* [Task instructions]:
Beginning with the line that holds "Ilybean Pearl Bow", copy each line through the end of the material below, exactly and with no pictures.

* [Dataset section]:
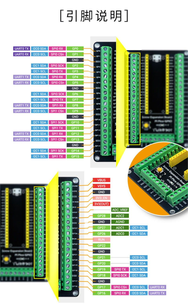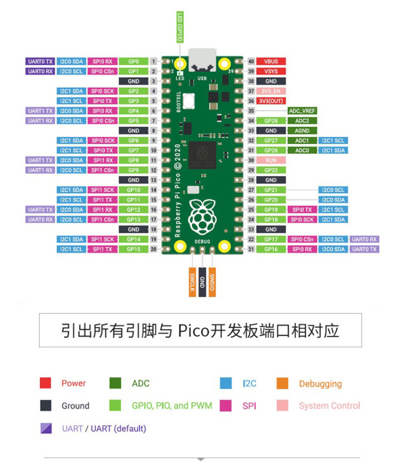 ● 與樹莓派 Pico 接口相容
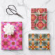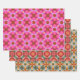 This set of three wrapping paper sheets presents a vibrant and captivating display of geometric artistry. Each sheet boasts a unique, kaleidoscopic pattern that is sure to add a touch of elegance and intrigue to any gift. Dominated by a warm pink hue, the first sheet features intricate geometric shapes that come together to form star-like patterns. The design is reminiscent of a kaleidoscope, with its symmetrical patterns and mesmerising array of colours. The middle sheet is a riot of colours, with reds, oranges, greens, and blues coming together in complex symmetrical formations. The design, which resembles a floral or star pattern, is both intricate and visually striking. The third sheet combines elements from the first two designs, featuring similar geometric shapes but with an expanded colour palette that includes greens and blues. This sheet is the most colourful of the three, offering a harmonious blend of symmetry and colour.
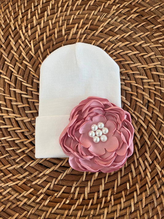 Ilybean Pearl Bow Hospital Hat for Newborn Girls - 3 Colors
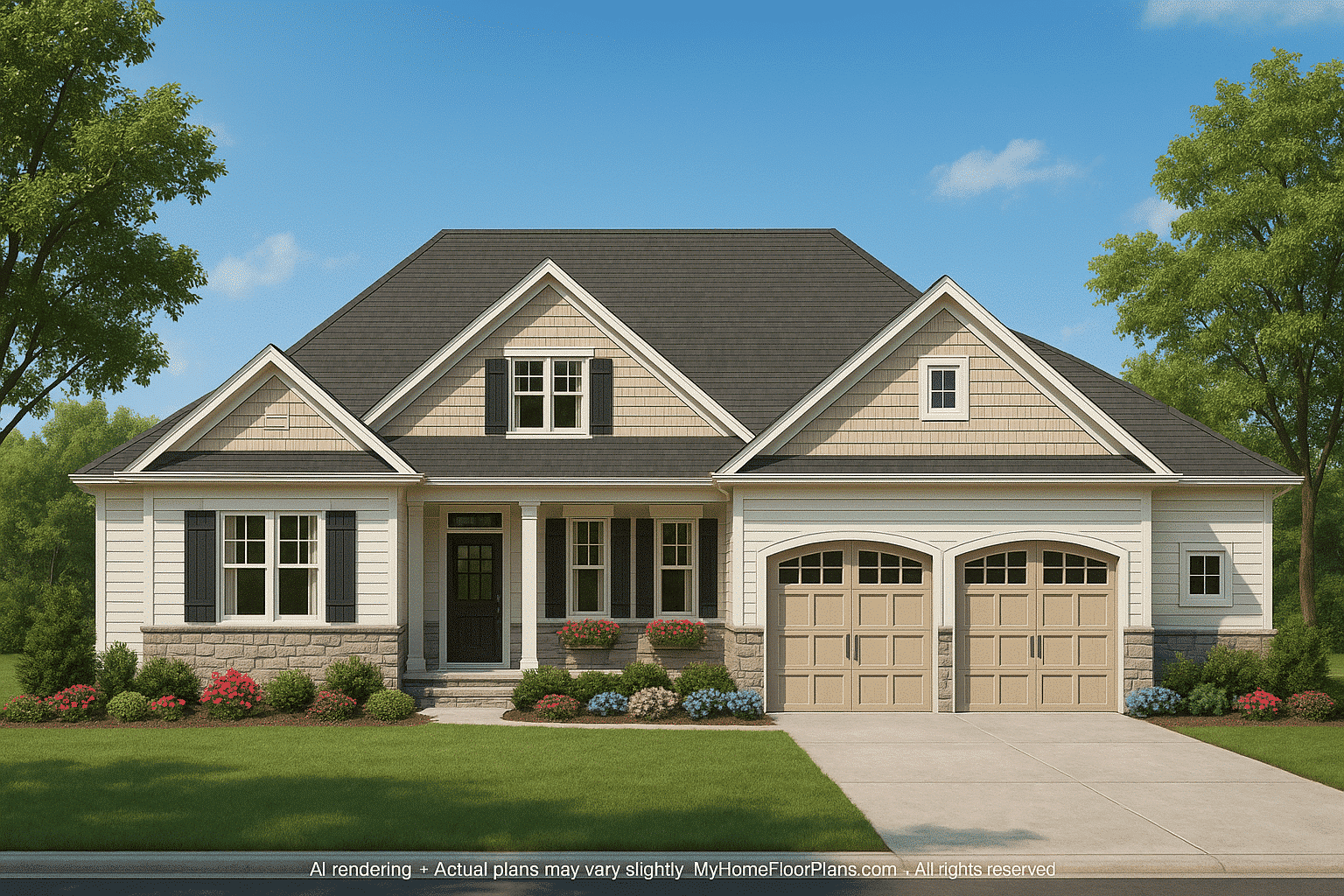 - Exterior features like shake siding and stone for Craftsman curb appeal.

* [Answer area]:
 Ilybean Pearl Bow Hospital Hat for Newborn Girls - 3 Colors
 - Exterior features like shake siding and stone for Craftsman curb appeal.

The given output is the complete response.